Let f(x)= {x^2-7x+10, for x^2 ≠ 25
{ A, for x = 5
{ B, for x = -5
Is there a value of A that makes f continuous at x= 5?
Is there a value of B that makes f continuous at x= -5?

 

[STEMucator]

Homework Statement

Let f(x)= {x^2-7x+10, for x^2 ≠ 25
{ A, for x = 5
{ B, for x = -5
Is there a value of A that makes f continuous at x= 5?
Is there a value of B that makes f continuous at x= -5?

You should draw out the graph of f, it will be easier to see.

So f(x) = x²-7x+10 when x≠±5. So f(x) is a parabola at every point except when x=5 or x=-5.

At those two points it attains a value A for x=5 and B for x=-5 respectively. Are there values of A and B you can choose to make the graph smooth? As in have no jumps or breaks in it?

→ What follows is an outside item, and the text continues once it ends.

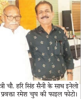
नागोरी गेट के प्रधान थे और सदैव समाजसेवा में लगे रहते थे। उनके निधन से हिसार की राजनीति में एक के नेता थे। सर्वसमाज में उनका मान-सम्मान था। वो आर्य समाज

Big hint : What is f(5) and f(-5) ? That should tell you something about the roots of f and the values you need.

 

[i5hands]

Thank you!
There is a Vertical asymptote at x=-5 so does that mean there are no values to make it continuos?

 

[i5hands]

i made a mistake when writing the question, it is f(x) ={ x^2-7x+10 / x^2 - 25

 

[STEMucator]

Ah even better then.

Can you factor : x^2-7x+10 ?
Can you factor : x^2-25?

Now simplify your f(x) after factoring, what do you get and what do you notice?

 

[i5hands]

Yes, you can factor so there is a value for a when x = 5 you get 3/10. But there is not a value for when x=-5 because after plugging in -5 you get undefined therefore there are no values for B.
Thank you so much!

 

[STEMucator]

No problem bud :)